#### Prompt
Write out nothing except the lines of the entries below, from the first through the one containing "八ヶ岳からお届け 自家焙煎 ドリップバッグコーヒー", exactly and without pictures.

#### Records supplied
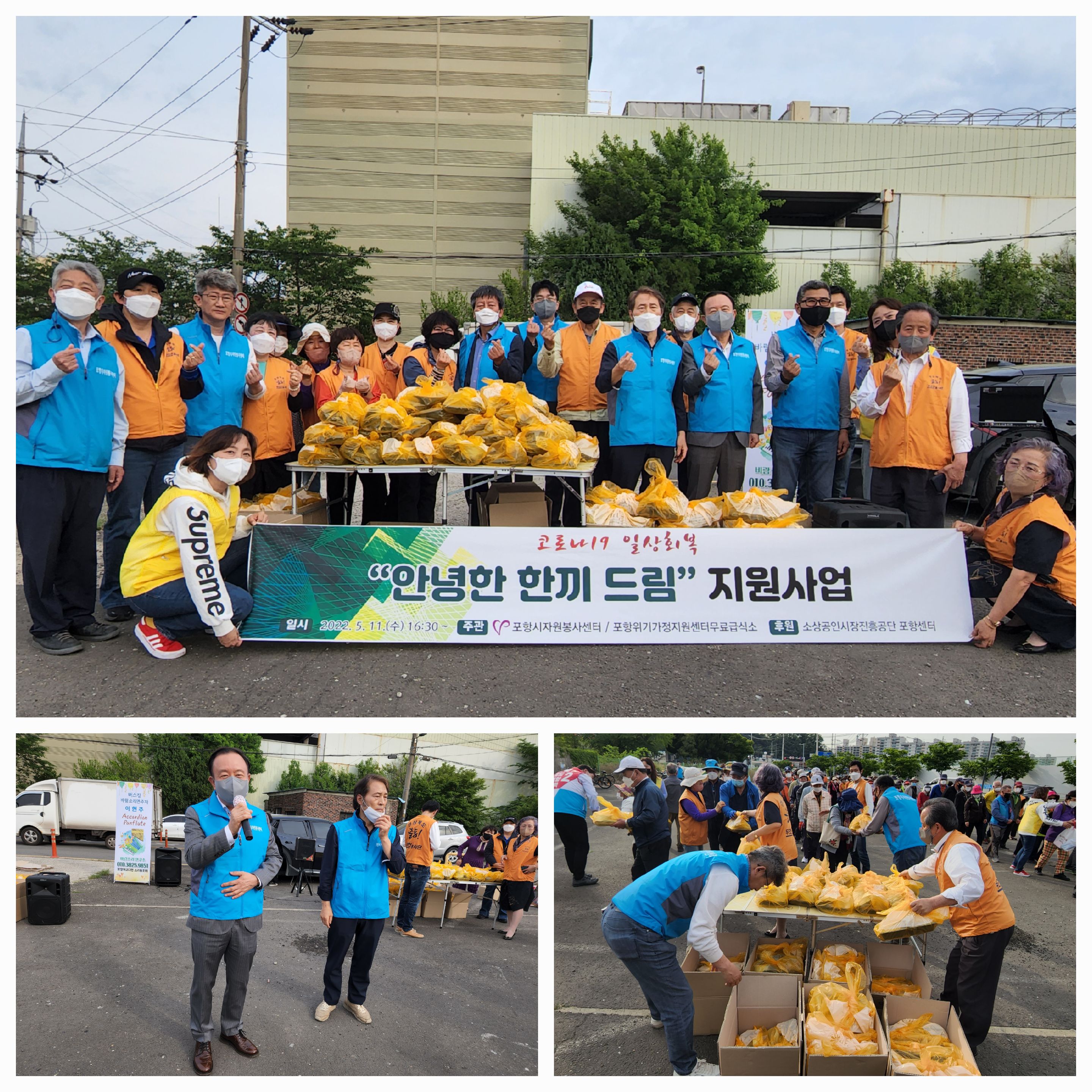 - 일시 : 2022년 5월 11일(수) 16:30 - 활동내용 : 노숙인 및 복지사각지대취약계층 대상으로 도시락 및 두유 200개와 소상공인시장진흥공단 포항센터에서 기증받은 KF94마스크 400개 나눔 활동 진행 - 활동인원 : 법인 임직원 및 재난지킴이봉사단 20여명 - 장소 : 모던하우스 NC포항점 옆 공터 |
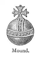 Mound, mownd, n. (her.) the representation of a globe encircled with bands, and surmounted by a cross.—Also Monde. [Fr. monde—L. mundus, the world.]
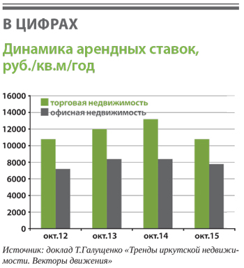 Что касается сегмента офисной недвижимости, то он чувствует себя значительно лучше, чем сегмент торговой. По словам Юрия Винникова, средняя ставка аренды офиса в Иркутске на сегодняшний день составляет 555 рублей за «квадрат», что на 4,5% меньше, чем в октябре 2014 года.
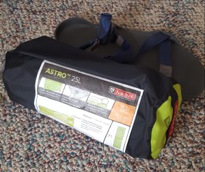 After reading all of the reviews about the different sleeping pads and considering the cost vs weight, I decided on the Nemo Astro Air 25L. The reviews on this pad raved about how comfortable and light it is. It is very light at only 23 oz, and packs down to only 9.5 x 4 in. It comes with the stuff sack (shown), a velcro compression strap, and a repair kit.
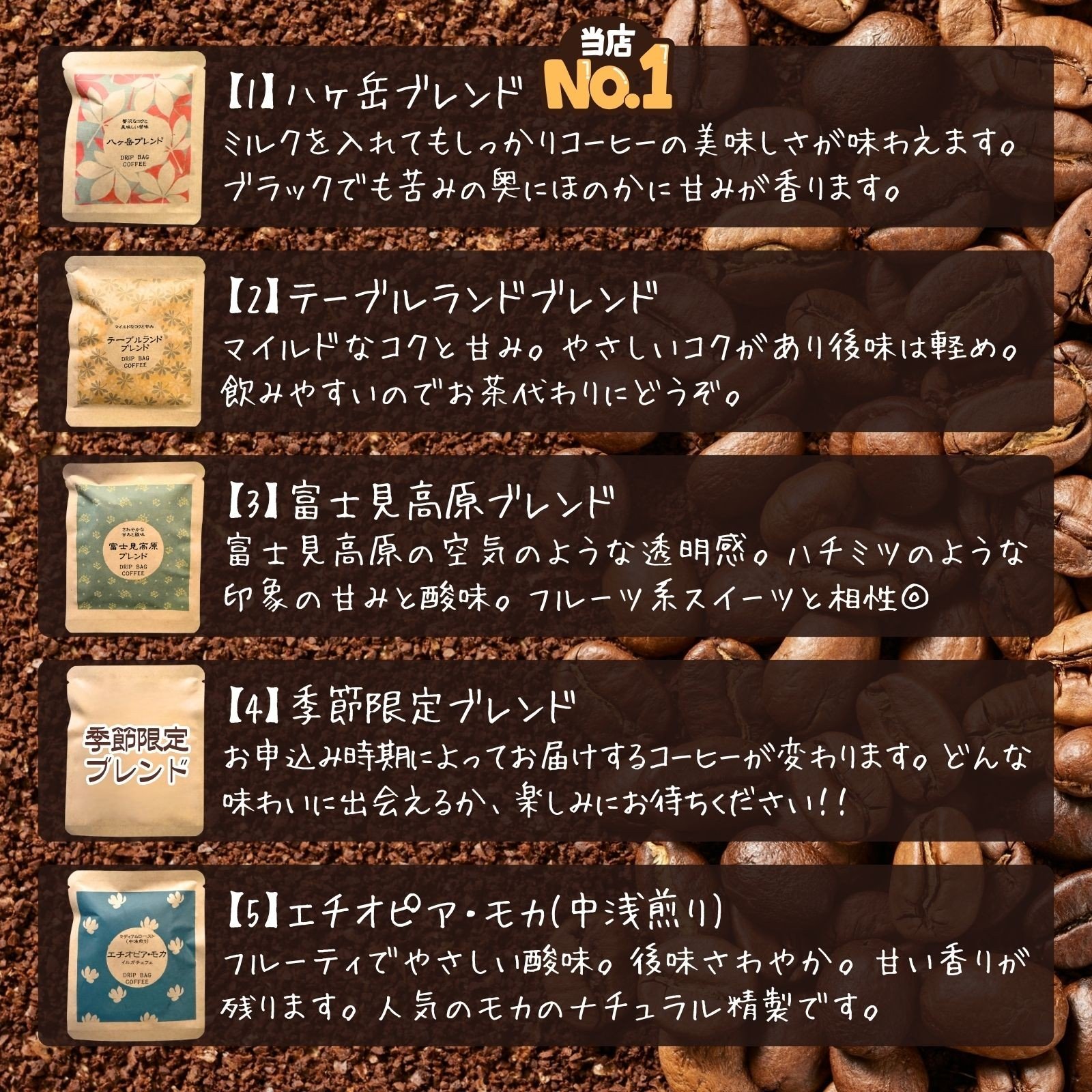 八ヶ岳からお届け 自家焙煎 ドリップバッグコーヒー 選べる数量 15個~100個入り 3種~15種 セット 飲み比べ ギフト 箱 贈答 BOX ブレンド コーヒー 珈琲 ドリップバッグ ドリップパック ドリップ 八ヶ岳珈琲工房テーブルランド テーブルランド
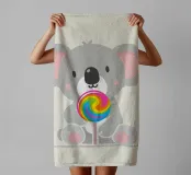 Un allegro koala con un lecca-lecca colorato. Ideale per illustrazioni a misura di bambino su dolci, animali e momenti felici. Koala giocoso in stile infantile Lecca-lecca a spirale colorato con i colori dell'arcobaleno Colori tenui e linee chiare Motivo allegro e affettuoso Perfetto per i temi legati ai bambini
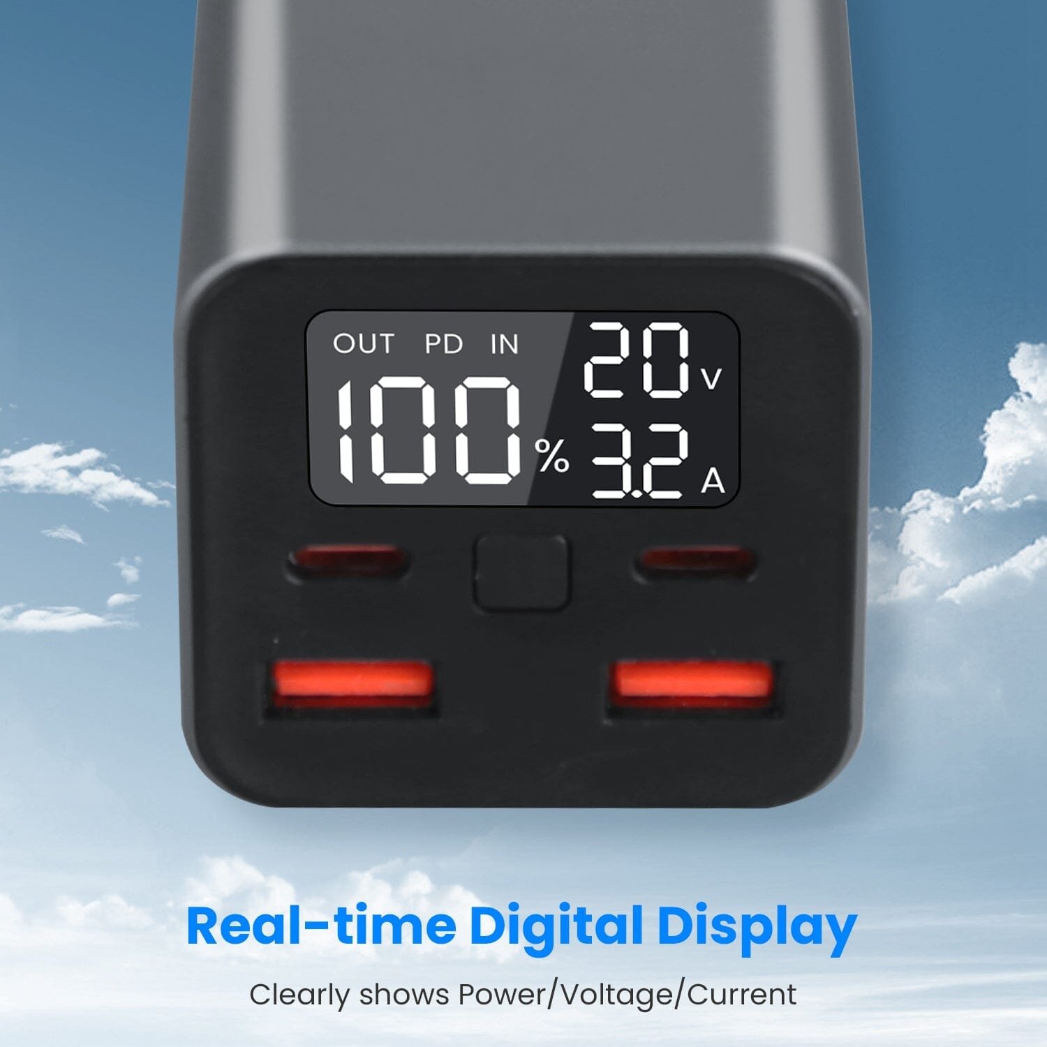 Step into the future of portable power with our 20000mAh 65W fast charging power bank. With super fast charging 2 USB outputs and 2 Type-C outputs. it delivers top-speed charging and enable you to fast charge 4 device simultaneously. Whether you’re charging your smartphone. tablet. or even a laptop. our 20000mAh power bank has got you covered with its powerful performance. Fit for MacBook Air/Pro. Chromebook. XPS. Latitude. Spectre. Folio. Thinkpad. Pixelbook. Surface Book. Yoga. Acer Spin. Switch Alpha. ASUS Transformer. Zenbook. LG Gram. iPad Air/Pro. Steam Deck. Gaming. and more. Also fit for most smartphones and tablets that confirmed to fast charging protocol. Clearly show the battery level. voltage and current in real time with the display screen. Only takes 2 hours for recharging with USB-C to USB-C cable. Offer multiple protections to ensure superior safety. Don’t settle for slow and inconvenient charging solutions??upgrade to our USB-C PD charger today. Compact and lightweight. Keep your devices charged no matter where life takes you.
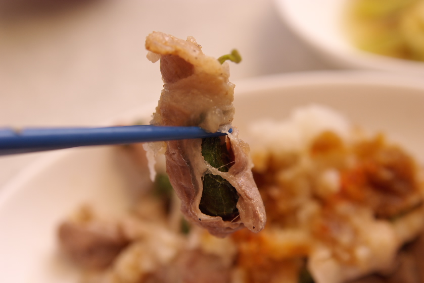 材料:豚肉(薄切り)、大葉、大根、醤油、めんつゆ、七味、油、酒、塩、胡椒
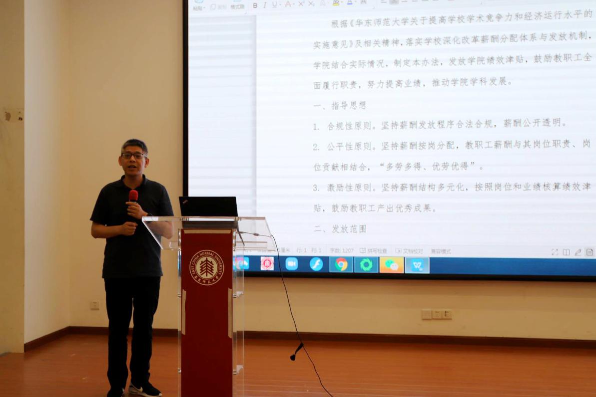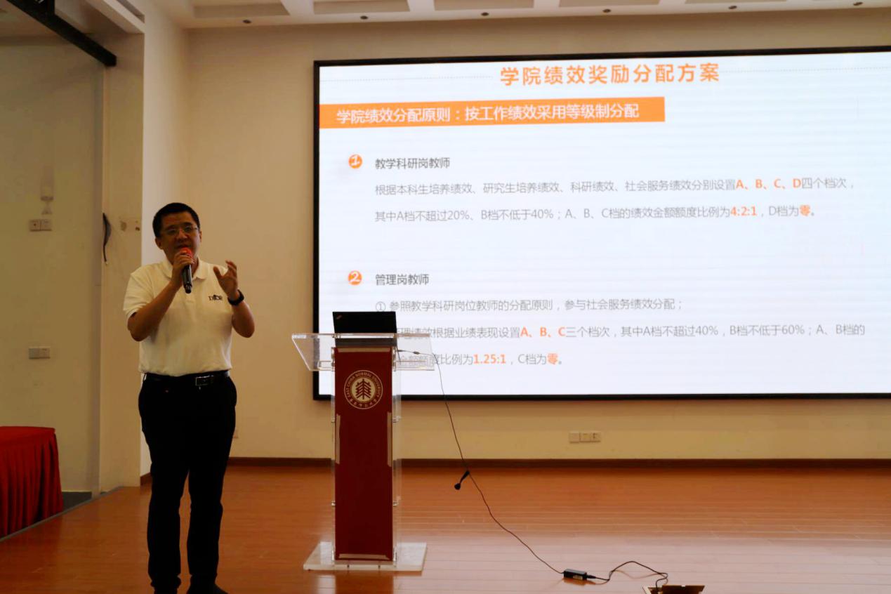 党委书记王长波、副院长贺樑介绍了2021年小说狂人 绩效奖励分配方案实施细则,副院长(主持工作)周爱民介绍了学院自筹绩效分配方案实施细则。细则制定过程中学院充分听取教师意见,并经与会教师现场投票,获高票通过。
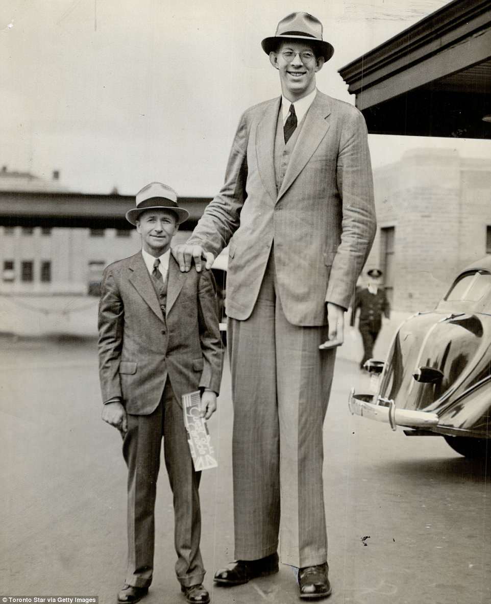 Getty Images/New York Daily News ArchiveРост 8 футов 11 дюймов, Роберт Уодлоу был самым высоким человеком в истории, хотя на этой фотографии, сделанной в 1937 году, он еще не достиг своего полного роста.
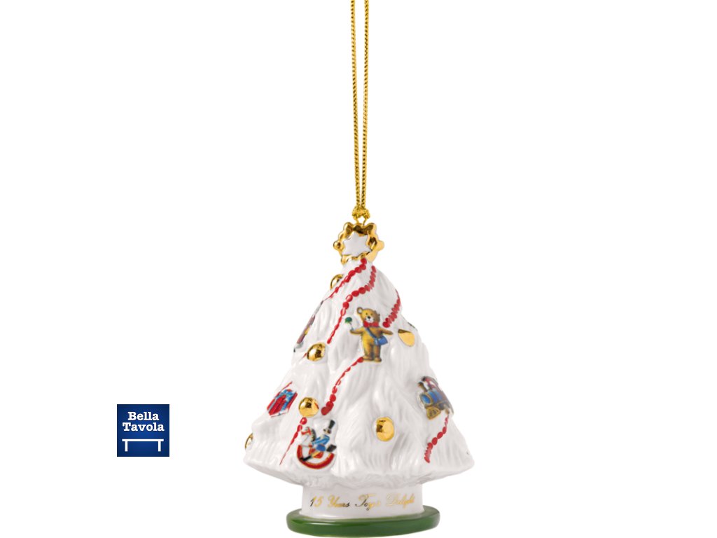 Vianočná porcelánová ozdoba Stromček s rokom vydania 2025. Zdobená výročným zlatým nápisom "15 years Toy's Delight." Nádherná dekorácia alebo darček pre zberateľov. Novinka 2025 od Villeroy & Boch.
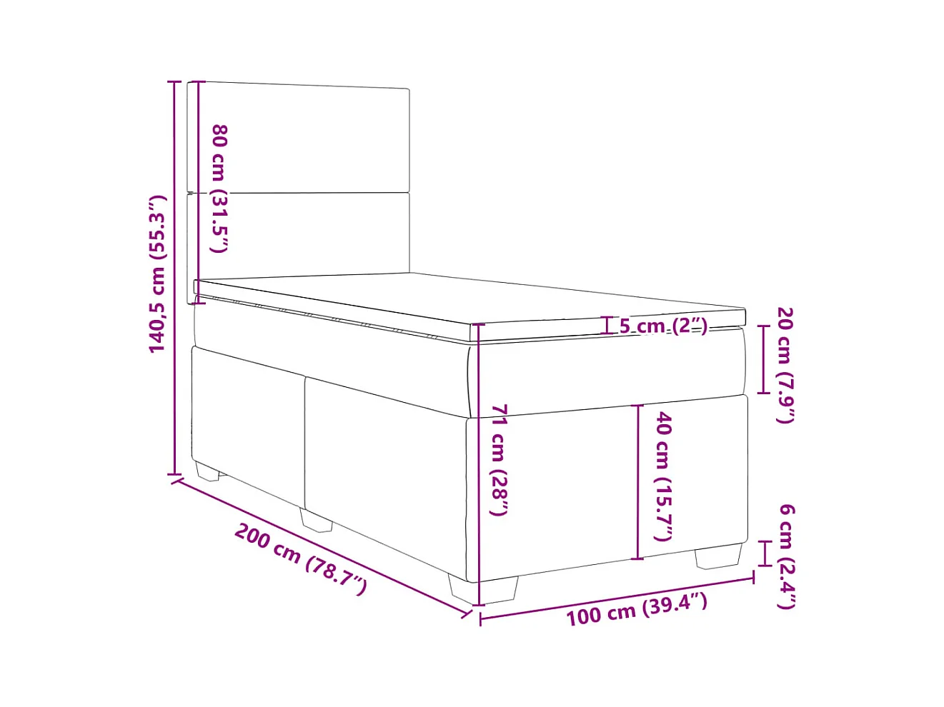 Giroletto a Molle con Materasso Nero 100x200 cm in Velluto
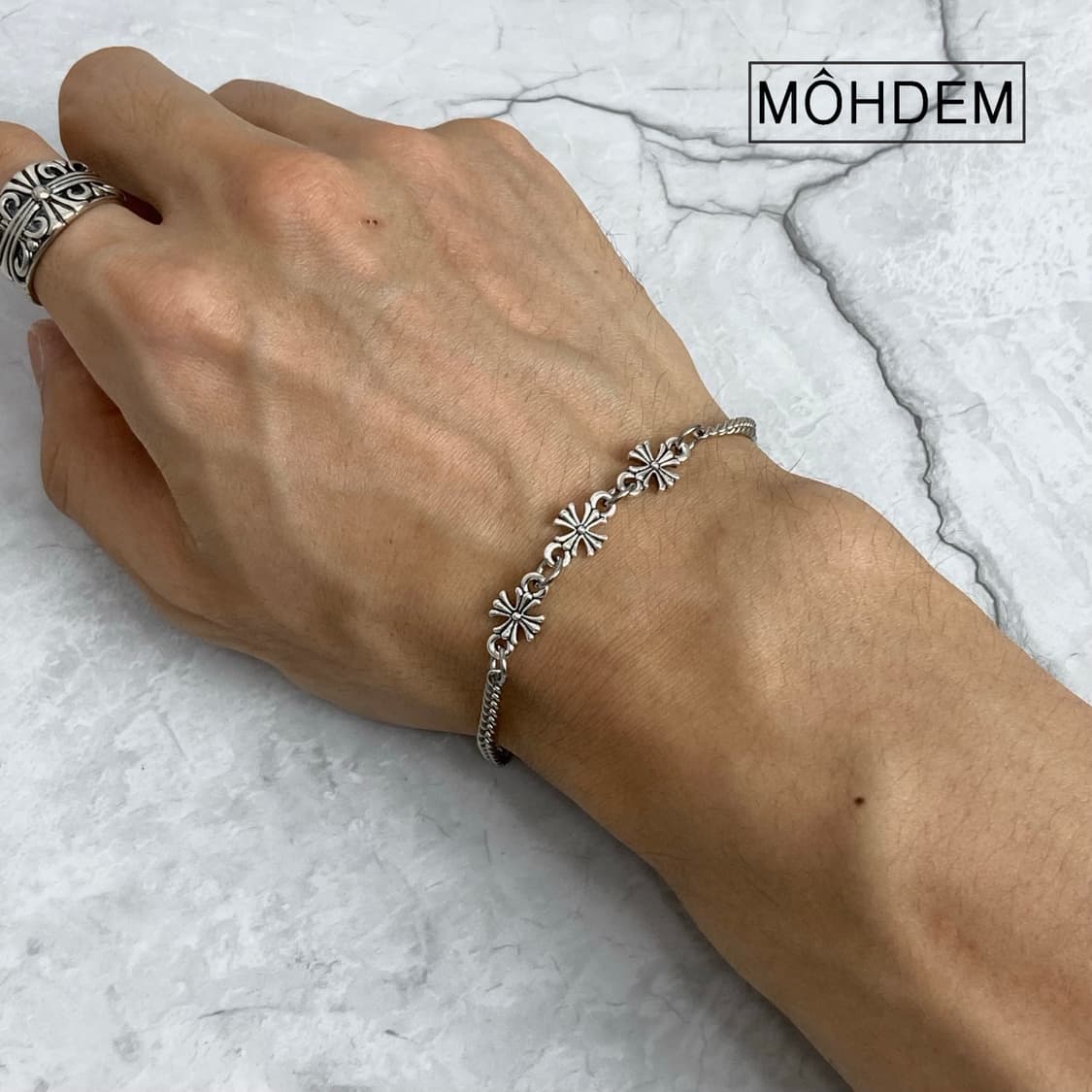 • [Unisex] 크로스3 실버 크롬 체인팔찌
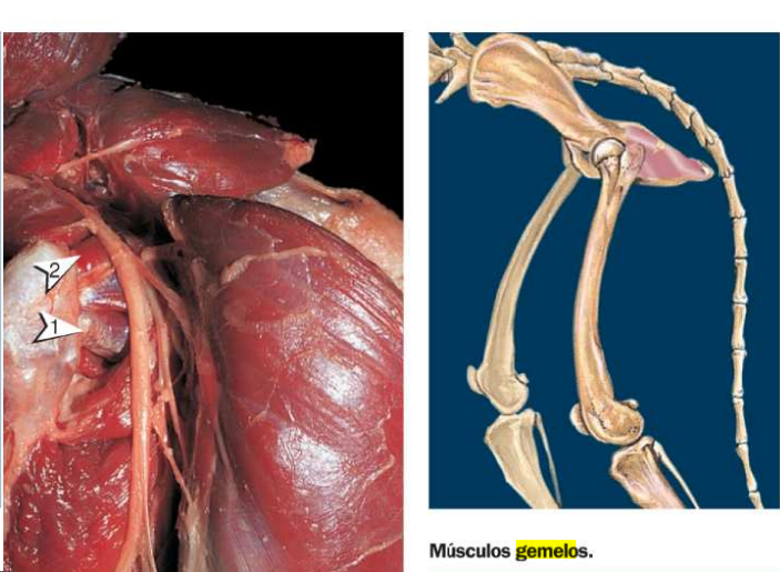 Bajo el biceps femoral (hasta el tendon calcaneo comun) Musculo abductor musculo cuadrado femoral Semimembranoso (dos partes) Semi tendinoso
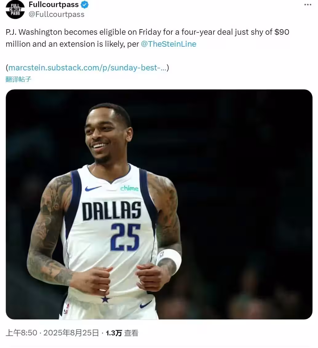 8月25日,NBA名記Marc Stein報道,當地時間本周五(29日)起,PJ-華盛頓有資格和獨行俠提前續約,最多能簽下一份4年9000萬美元的合同。Marc Stein表示,獨行俠會跟PJ-華盛頓續約,畢竟有多支球隊在關注這位攻守兼備的球員。
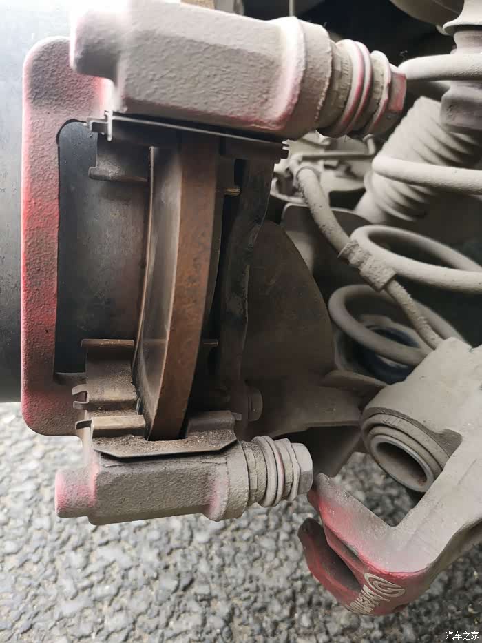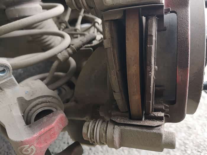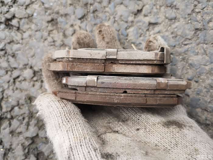 侧面再对比,就知道刹车片早就可以更换了
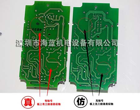 IO板上。原裝主控芯為三菱的芯片,其它如光耦,晶體管,驅(qū)動(dòng)芯片均為日原廠原裝器件,而仿貨均為國(guó)產(chǎn)器件,外觀及其顏色很容易分辨出來(lái)

#### Written response
 - 일시 : 2022년 5월 11일(수) 16:30 - 활동내용 : 노숙인 및 복지사각지대취약계층 대상으로 도시락 및 두유 200개와 소상공인시장진흥공단 포항센터에서 기증받은 KF94마스크 400개 나눔 활동 진행 - 활동인원 : 법인 임직원 및 재난지킴이봉사단 20여명 - 장소 : 모던하우스 NC포항점 옆 공터 |
 Mound, mownd, n. (her.) the representation of a globe encircled with bands, and surmounted by a cross.—Also Monde. [Fr. monde—L. mundus, the world.]
 Что касается сегмента офисной недвижимости, то он чувствует себя значительно лучше, чем сегмент торговой. По словам Юрия Винникова, средняя ставка аренды офиса в Иркутске на сегодняшний день составляет 555 рублей за «квадрат», что на 4,5% меньше, чем в октябре 2014 года.
 After reading all of the reviews about the different sleeping pads and considering the cost vs weight, I decided on the Nemo Astro Air 25L. The reviews on this pad raved about how comfortable and light it is. It is very light at only 23 oz, and packs down to only 9.5 x 4 in. It comes with the stuff sack (shown), a velcro compression strap, and a repair kit.
 八ヶ岳からお届け 自家焙煎 ドリップバッグコーヒー 選べる数量 15個~100個入り 3種~15種 セット 飲み比べ ギフト 箱 贈答 BOX ブレンド コーヒー 珈琲 ドリップバッグ ドリップパック ドリップ 八ヶ岳珈琲工房テーブルランド テーブルランド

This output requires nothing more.